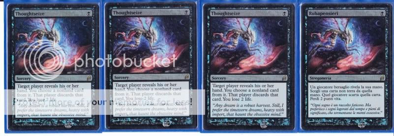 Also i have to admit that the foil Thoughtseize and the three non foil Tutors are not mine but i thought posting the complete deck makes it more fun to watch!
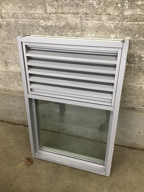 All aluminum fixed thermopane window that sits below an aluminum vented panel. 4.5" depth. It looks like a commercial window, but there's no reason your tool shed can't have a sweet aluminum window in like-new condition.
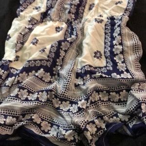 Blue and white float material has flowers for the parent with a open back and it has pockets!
--
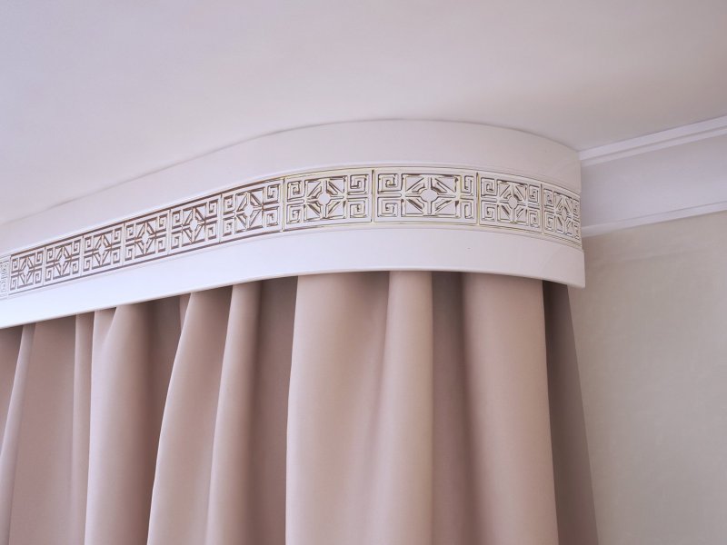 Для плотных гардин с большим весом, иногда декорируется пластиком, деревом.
---
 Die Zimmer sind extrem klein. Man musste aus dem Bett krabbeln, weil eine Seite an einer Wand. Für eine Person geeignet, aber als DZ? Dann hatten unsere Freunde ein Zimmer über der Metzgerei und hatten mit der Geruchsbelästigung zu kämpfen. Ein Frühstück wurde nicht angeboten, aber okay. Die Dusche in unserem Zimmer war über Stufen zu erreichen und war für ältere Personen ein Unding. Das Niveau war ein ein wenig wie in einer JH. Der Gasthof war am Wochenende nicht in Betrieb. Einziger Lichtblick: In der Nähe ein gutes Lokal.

▶ Problem to solve
Among the entries above, take the lines from the one with "All aluminum fixed" through the one with "Blue and white" and retype them exactly, leaving out the pictures.

▶ Result below
 All aluminum fixed thermopane window that sits below an aluminum vented panel. 4.5" depth. It looks like a commercial window, but there's no reason your tool shed can't have a sweet aluminum window in like-new condition.
 Blue and white float material has flowers for the parent with a open back and it has pockets!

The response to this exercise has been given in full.